Task description. The entries that follow contain images, which should be left out; output everything else exactly.

Record set.
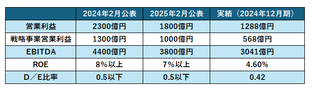 業績の悪化を受け、中期経営計画も下方修正されました。2026年12月期までに営業利益で2300億円を目指す計画でしたが、1800億円へ引き下げています。その他の目標も、D/E比率(負債資本倍率)を除き下方修正されています。
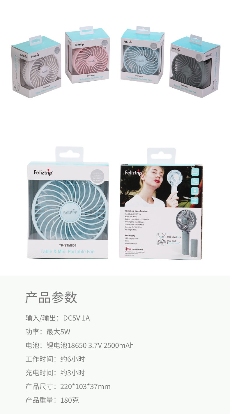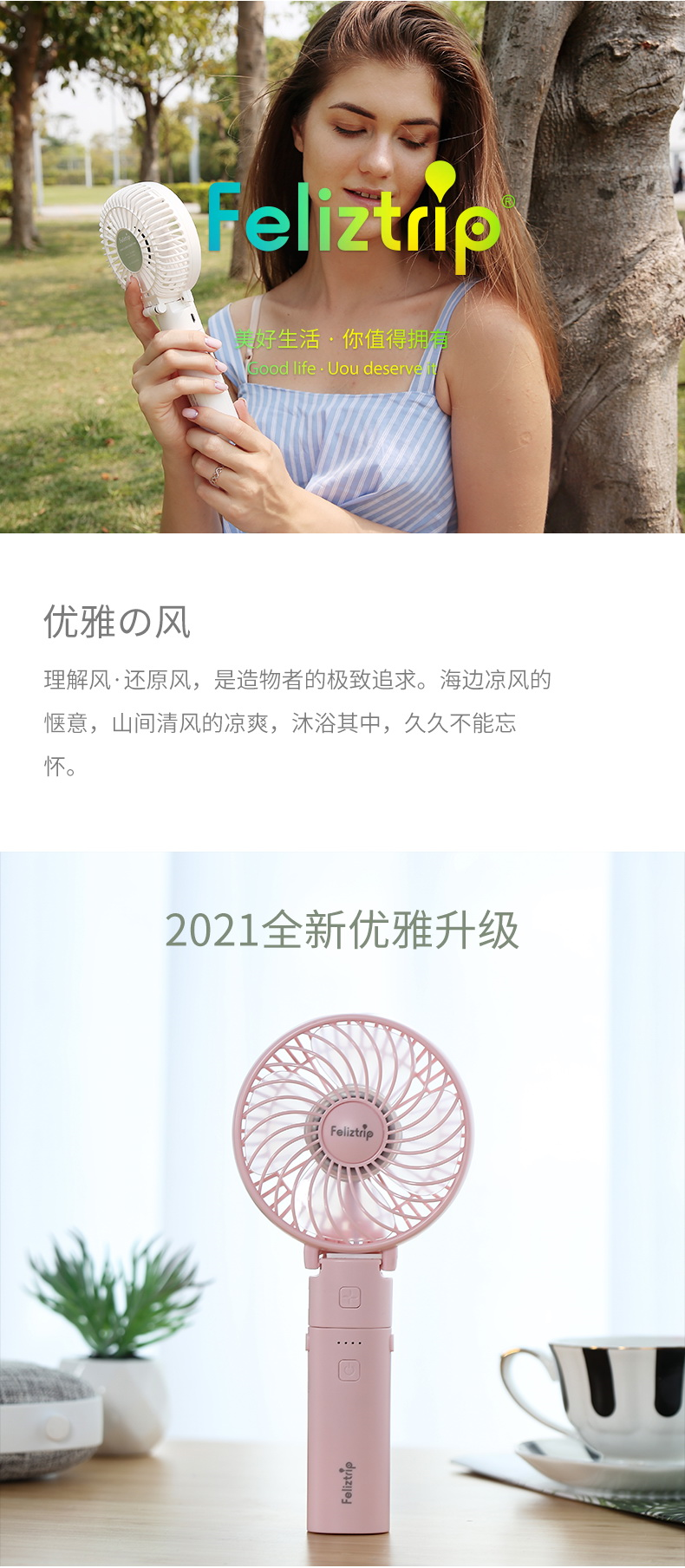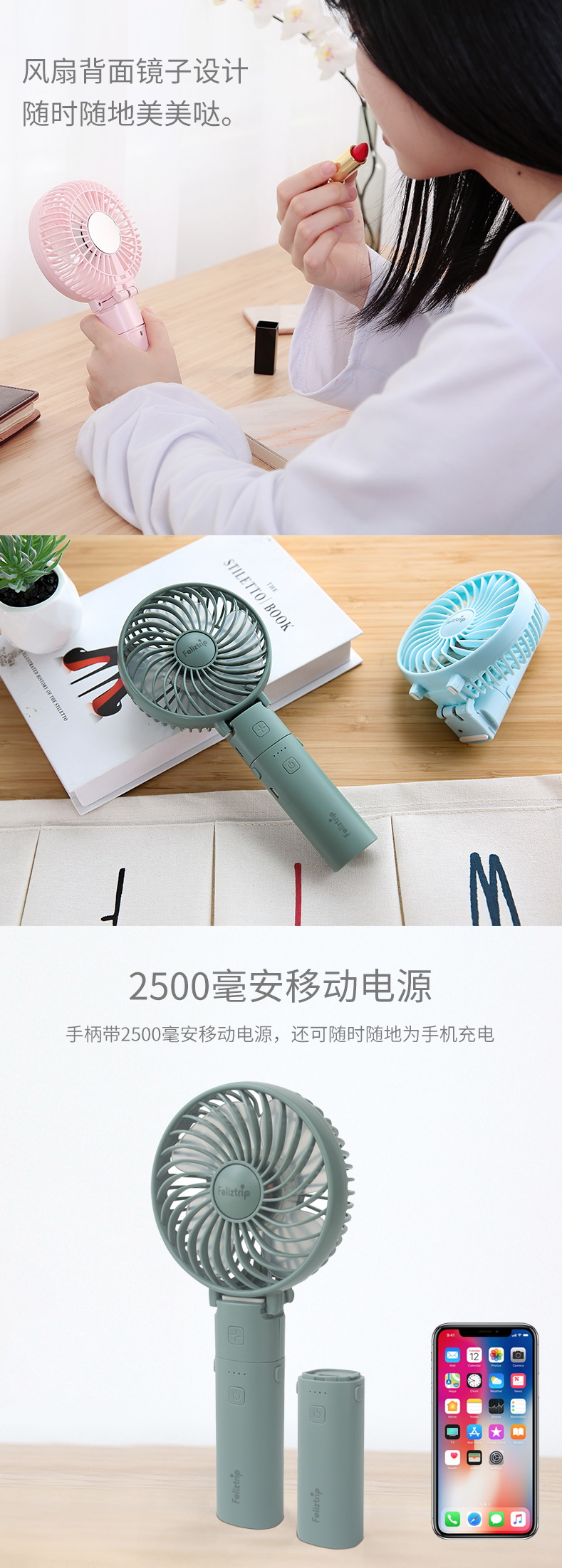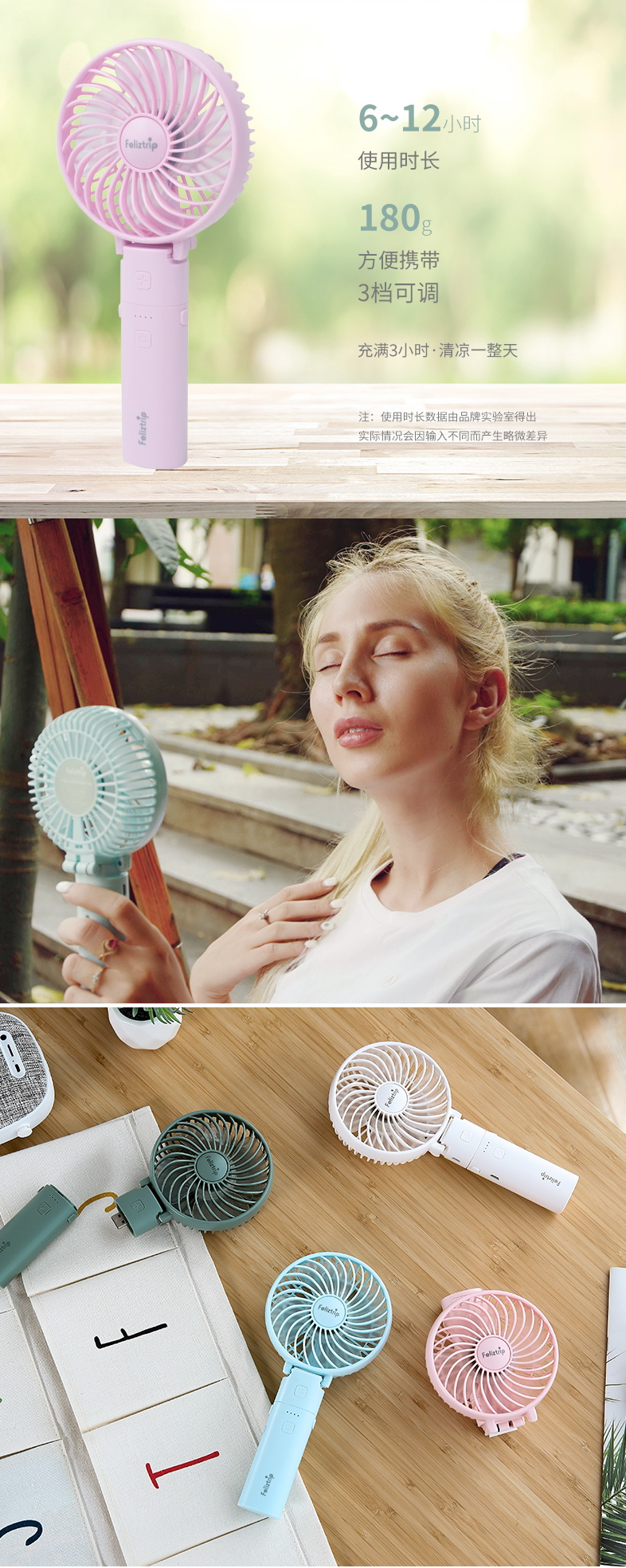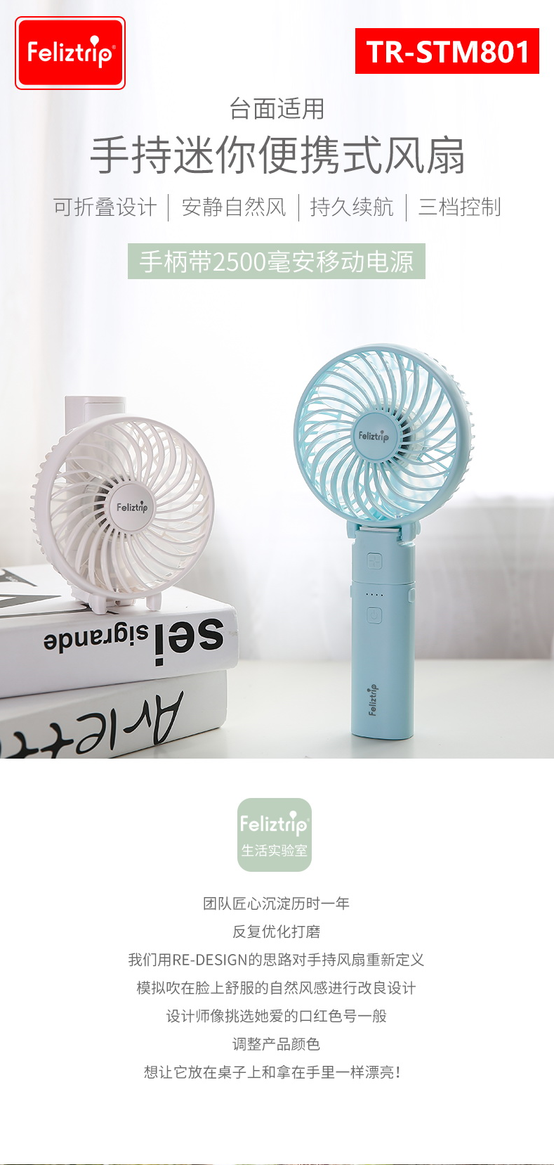 Feliztrip斐利斯 便携时尚可折叠带2500毫安充电宝USB迷你小风扇三挡风力 TR-STM801
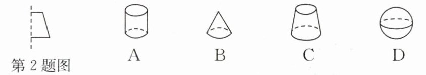 2. 如图所示的直角梯形绕直线$l$旋转一周,得到的立体图形是( )
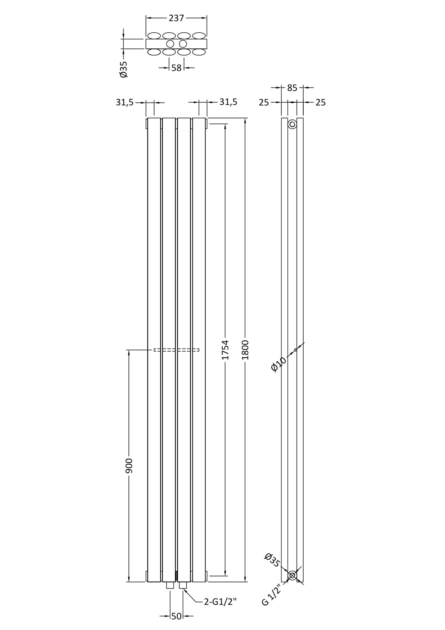 | Hudson Reed Revive Vertical Radiators - Compact Vertical Double Panel - H1800 x W236 - Btu/Hr 3118 - Anthracite | HRE009 |
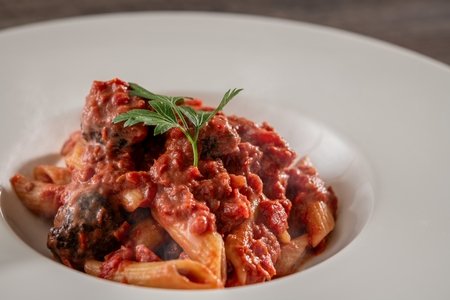 ほろっと崩れるミートボールとペンネを、赤ワイン香るトマトクリームソースで絡めた濃厚パスタ。
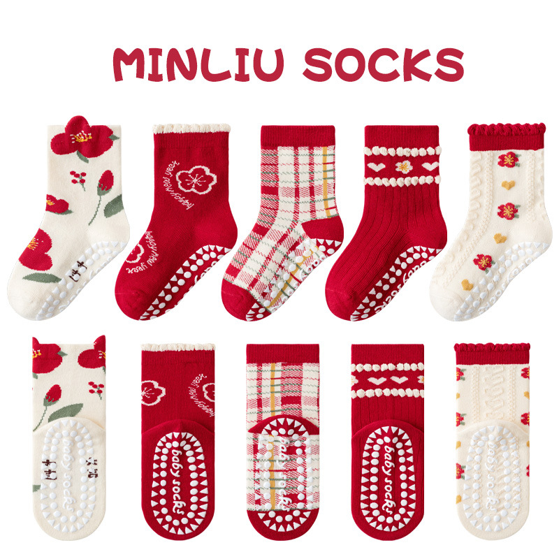 봄과 가을 어린이 양말 디스펜싱 트램폴린 레드 크리스마스 아기 면 양말 중간 길이 양말 만화 안티 슬립 양말 소년 소녀를위한
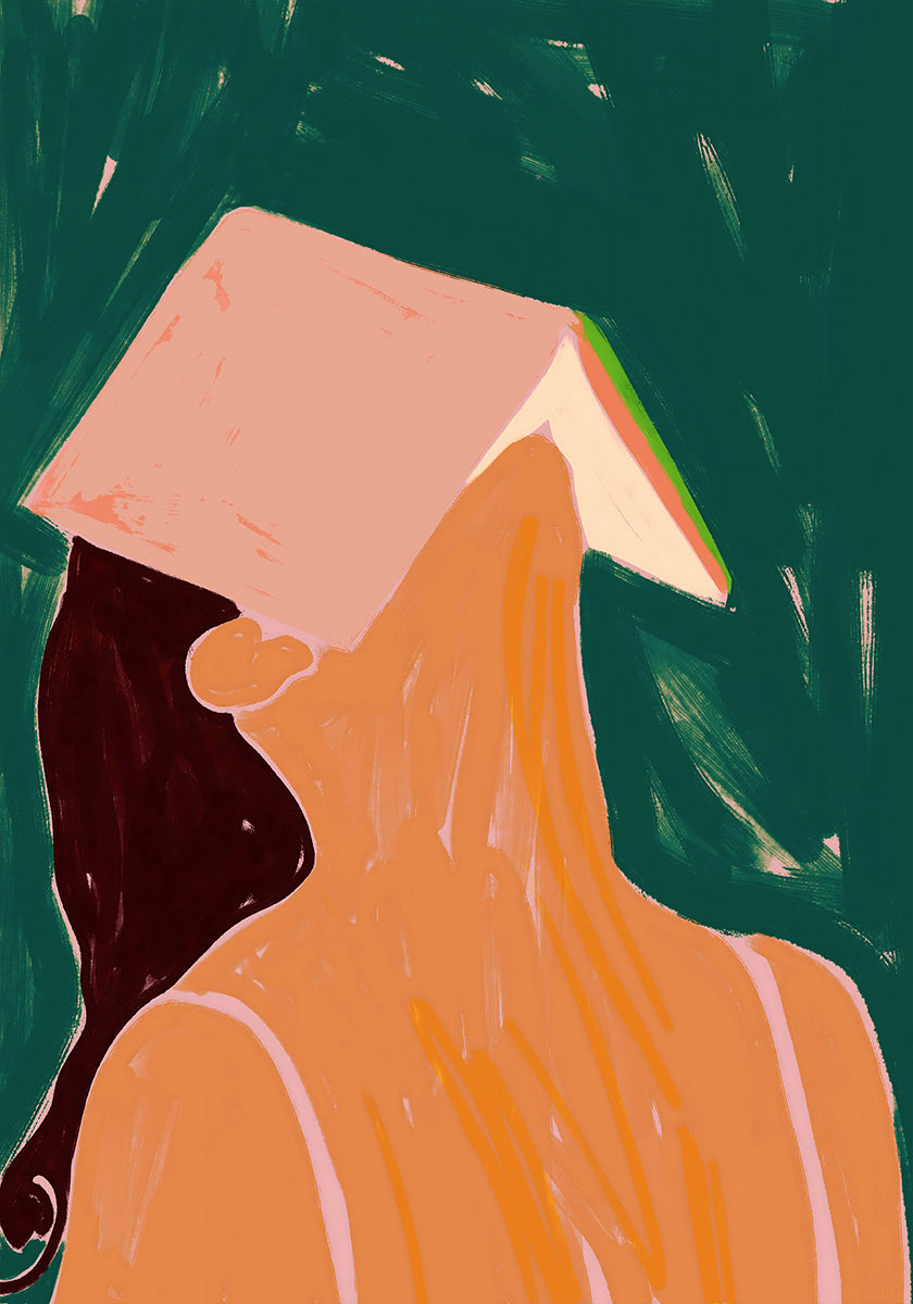 Reading Between the Lines d'Uma Gokhale capture un moment tranquille de contemplation : une femme au repos, absorbée par son livre, entourée de pastels doux et de coups de pinceau subtils. La lumière et l'ombre suggèrent la réflexion, tandis que la composition invite à la proximité, à la tranquillité et à la magie tranquille de la lecture. Un portrait moderne et poétique de la joie de lire et de l’introspection tranquille.
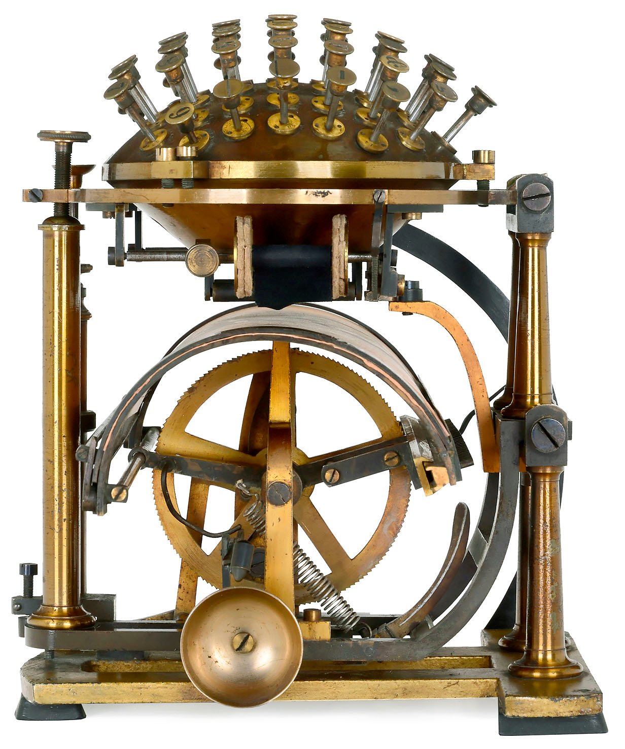 Jednoznačně nejpodivnější psací stroj představil roku 1865 dánský vynálezce Rasmus Malling-Hansen (1835-1890) pod názvem "Skrivekuglen" (anglicky známý jako Malling Hansen Writing Ball). První kus byl vyroben až o pět let později, přesto jde o první komerčně vyráběný psací stroj na světě. Od svého majitele vyžadoval skutečně podivnou psací polohu - museli jste stát nad ním v nepřirozeném náklonu a cvakat směrem dolů. Později vzniklo několik vylepšených verzí, které byly oblíbené pro velkou kompaktnost a poměrně vysokou rychlost psaní. Navíc jej stačilo obsluhovat pouze jednou rukou, což bylo často velmi žádoucí. Tento psací stroj byl oblíbeným pomocníkem mezi různými básníky a spisovateli, mezi které patřili například Jacob Burckhardt a Friedrich Nietzsche. Slavný německý filozof Nietzsche (1844-1900) si jej pořídil roku 1881, když se mu začal zhoršovat zrak. Zachovalou psací kouli můžete vidět v Drážďanském Technischen Sammlungen. Jedinečná funkčnost tohoto psacího stroje z něj v dnešní době dělá vyhledávaný sběratelský kousek a odhadovaná cena za kus je asi 180 000 dolarů.

Solution to the problem.
 業績の悪化を受け、中期経営計画も下方修正されました。2026年12月期までに営業利益で2300億円を目指す計画でしたが、1800億円へ引き下げています。その他の目標も、D/E比率(負債資本倍率)を除き下方修正されています。
 Feliztrip斐利斯 便携时尚可折叠带2500毫安充电宝USB迷你小风扇三挡风力 TR-STM801
 2. 如图所示的直角梯形绕直线$l$旋转一周,得到的立体图形是( )
 | Hudson Reed Revive Vertical Radiators - Compact Vertical Double Panel - H1800 x W236 - Btu/Hr 3118 - Anthracite | HRE009 |
 ほろっと崩れるミートボールとペンネを、赤ワイン香るトマトクリームソースで絡めた濃厚パスタ。
 봄과 가을 어린이 양말 디스펜싱 트램폴린 레드 크리스마스 아기 면 양말 중간 길이 양말 만화 안티 슬립 양말 소년 소녀를위한
 Reading Between the Lines d'Uma Gokhale capture un moment tranquille de contemplation : une femme au repos, absorbée par son livre, entourée de pastels doux et de coups de pinceau subtils. La lumière et l'ombre suggèrent la réflexion, tandis que la composition invite à la proximité, à la tranquillité et à la magie tranquille de la lecture. Un portrait moderne et poétique de la joie de lire et de l’introspection tranquille.
 Jednoznačně nejpodivnější psací stroj představil roku 1865 dánský vynálezce Rasmus Malling-Hansen (1835-1890) pod názvem "Skrivekuglen" (anglicky známý jako Malling Hansen Writing Ball). První kus byl vyroben až o pět let později, přesto jde o první komerčně vyráběný psací stroj na světě. Od svého majitele vyžadoval skutečně podivnou psací polohu - museli jste stát nad ním v nepřirozeném náklonu a cvakat směrem dolů. Později vzniklo několik vylepšených verzí, které byly oblíbené pro velkou kompaktnost a poměrně vysokou rychlost psaní. Navíc jej stačilo obsluhovat pouze jednou rukou, což bylo často velmi žádoucí. Tento psací stroj byl oblíbeným pomocníkem mezi různými básníky a spisovateli, mezi které patřili například Jacob Burckhardt a Friedrich Nietzsche. Slavný německý filozof Nietzsche (1844-1900) si jej pořídil roku 1881, když se mu začal zhoršovat zrak. Zachovalou psací kouli můžete vidět v Drážďanském Technischen Sammlungen. Jedinečná funkčnost tohoto psacího stroje z něj v dnešní době dělá vyhledávaný sběratelský kousek a odhadovaná cena za kus je asi 180 000 dolarů.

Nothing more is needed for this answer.